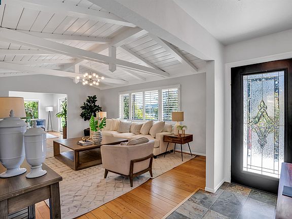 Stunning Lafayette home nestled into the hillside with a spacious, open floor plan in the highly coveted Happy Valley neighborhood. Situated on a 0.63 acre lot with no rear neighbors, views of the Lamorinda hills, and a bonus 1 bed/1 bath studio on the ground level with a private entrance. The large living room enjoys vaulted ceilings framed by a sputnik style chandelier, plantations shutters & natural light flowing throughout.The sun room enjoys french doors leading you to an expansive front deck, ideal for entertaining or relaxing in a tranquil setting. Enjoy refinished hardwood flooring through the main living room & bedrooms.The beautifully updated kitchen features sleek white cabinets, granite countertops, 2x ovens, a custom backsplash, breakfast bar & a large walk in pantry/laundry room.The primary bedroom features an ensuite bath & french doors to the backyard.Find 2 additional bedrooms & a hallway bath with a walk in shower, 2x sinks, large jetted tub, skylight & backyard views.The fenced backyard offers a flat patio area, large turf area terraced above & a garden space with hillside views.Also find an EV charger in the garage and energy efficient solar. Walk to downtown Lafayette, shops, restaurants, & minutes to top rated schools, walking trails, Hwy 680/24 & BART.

==

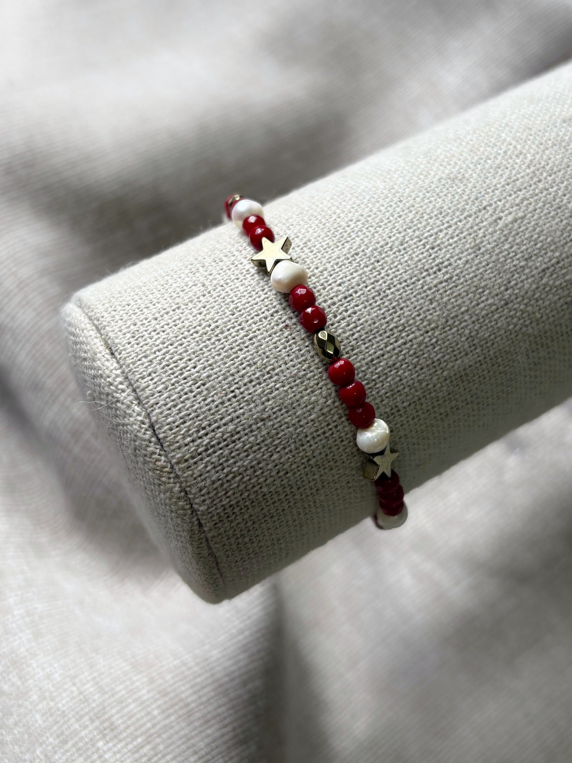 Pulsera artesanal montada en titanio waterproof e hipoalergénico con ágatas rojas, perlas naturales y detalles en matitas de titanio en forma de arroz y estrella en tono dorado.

---

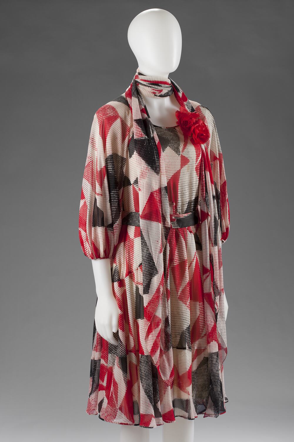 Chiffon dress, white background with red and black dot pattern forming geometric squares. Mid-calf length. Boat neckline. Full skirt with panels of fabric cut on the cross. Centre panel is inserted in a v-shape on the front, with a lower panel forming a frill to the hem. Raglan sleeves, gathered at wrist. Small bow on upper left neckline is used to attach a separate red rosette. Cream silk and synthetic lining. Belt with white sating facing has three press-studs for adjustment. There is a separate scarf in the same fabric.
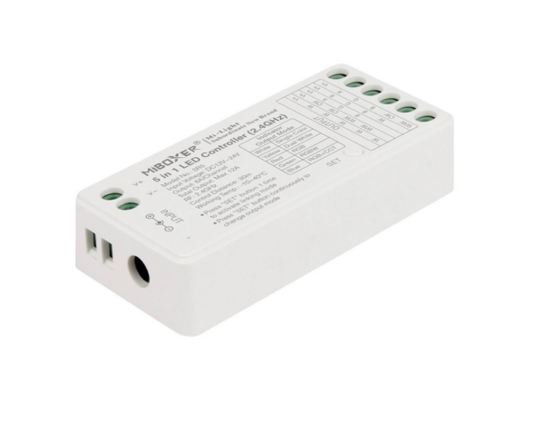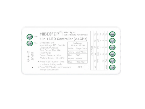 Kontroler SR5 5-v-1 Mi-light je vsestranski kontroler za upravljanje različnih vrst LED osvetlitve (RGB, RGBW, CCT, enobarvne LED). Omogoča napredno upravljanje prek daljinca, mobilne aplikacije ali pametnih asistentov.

What is required
Your reply should hold nothing but the lines above, from the one containing "Chiffon dress, white" to the one containing "Kontroler SR5 5-v-1", reproduced exactly minus the pictures.

Result
 Chiffon dress, white background with red and black dot pattern forming geometric squares. Mid-calf length. Boat neckline. Full skirt with panels of fabric cut on the cross. Centre panel is inserted in a v-shape on the front, with a lower panel forming a frill to the hem. Raglan sleeves, gathered at wrist. Small bow on upper left neckline is used to attach a separate red rosette. Cream silk and synthetic lining. Belt with white sating facing has three press-studs for adjustment. There is a separate scarf in the same fabric.
 Kontroler SR5 5-v-1 Mi-light je vsestranski kontroler za upravljanje različnih vrst LED osvetlitve (RGB, RGBW, CCT, enobarvne LED). Omogoča napredno upravljanje prek daljinca, mobilne aplikacije ali pametnih asistentov.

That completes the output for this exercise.